Random forest showed encouraging results and identified the most significant features and classify of diabetes disease. It works well on both nonlinear and high dimensional data. In previous study, ML-based DM research has focused on only classification and prediction of diabetic patients. Here, RF capabilities to detect the relevant pattern in the data produced very meaningful results that correlate well with the criteria for diabetes diagnosis and with known risk factors. When we replaced the missing values and outliers are replaced by group mean and mean, then the RF yields 89% classification accuracy. This RF classification accuracy increased by 3% when missing values and outliers are replaced by group median and median, respectively.
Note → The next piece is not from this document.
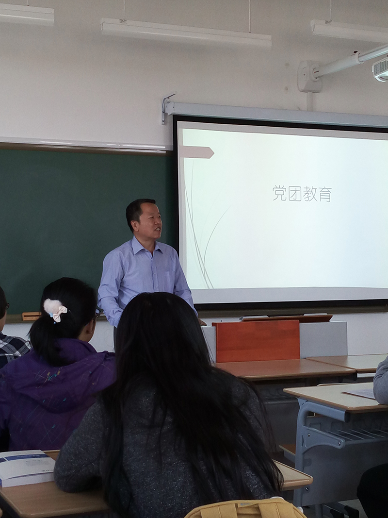 党委书记肖胜利老师为新同学们进行形势政策教育。肖书记指出,作为一名优秀的共青团员,首先应该认真学习团章,明确团的性质和工作机制,了解团在中国特色社会主义建设事业中的作用,借此找准自己的位置,然后树立远大理想,追随中国共产党的脚步,努力做到为人民服务,成为一名公能兼备的南开学子、一名高素质的社会公民。他还强调了在中国建设社会主义新时期深化改革、依法治国以及从严治党的重要性,并结合在南开的学习生活为我们做出了深入浅出的讲解。

Strengths, weakness and extensions

This paper represents the risk stratification system to accurately classify of diabetes disease while there are 768 pregnant patients having two class diabetes and controls. Our study shows that RF-based feature selection technique along with RF-based classifiers with median based outlier’s removal techniques gives a classification accuracy of 92.26% for K10 protocols and nearly 99.99~100% for JK protocols (see Fig. 7). Nevertheless, the presented system can still be improved. Further, preprocessing techniques may be used to replace meaningless values by mean or median and outliers by mean or median. There are many other techniques of feature extraction, feature selection, and classification, and performances of presented combinations of system may be compared the other systems.

Conclusion

Diabetes Mellitus (DM) is a group metabolic diseases in which blood sugar levels are too high. Our hypothesis was that if missing values and outliers are removed by group median and median values, respectively and such a data when used in ML framework using RF-RF combination for feature selection and classification should yield higher accuracy. We demonstrated our hypothesis by showing a 3% improvement and reaching an accuracy of nearly 100% in JK-based cross-validation protocol. Comprehensive data analysis was conducted consisting of ten classifiers, six feature selection methods and five sets of protocols, two outlier’s removal techniques leading to six hundred (600) experiments. Through benchmarking was analyzed and clear improvement was demonstrated. It would be interesting in future to see classification of other kinds of medical data to be adapted in such a framework creating a cost-effective and time-saving option for both diabetic patients and doctors.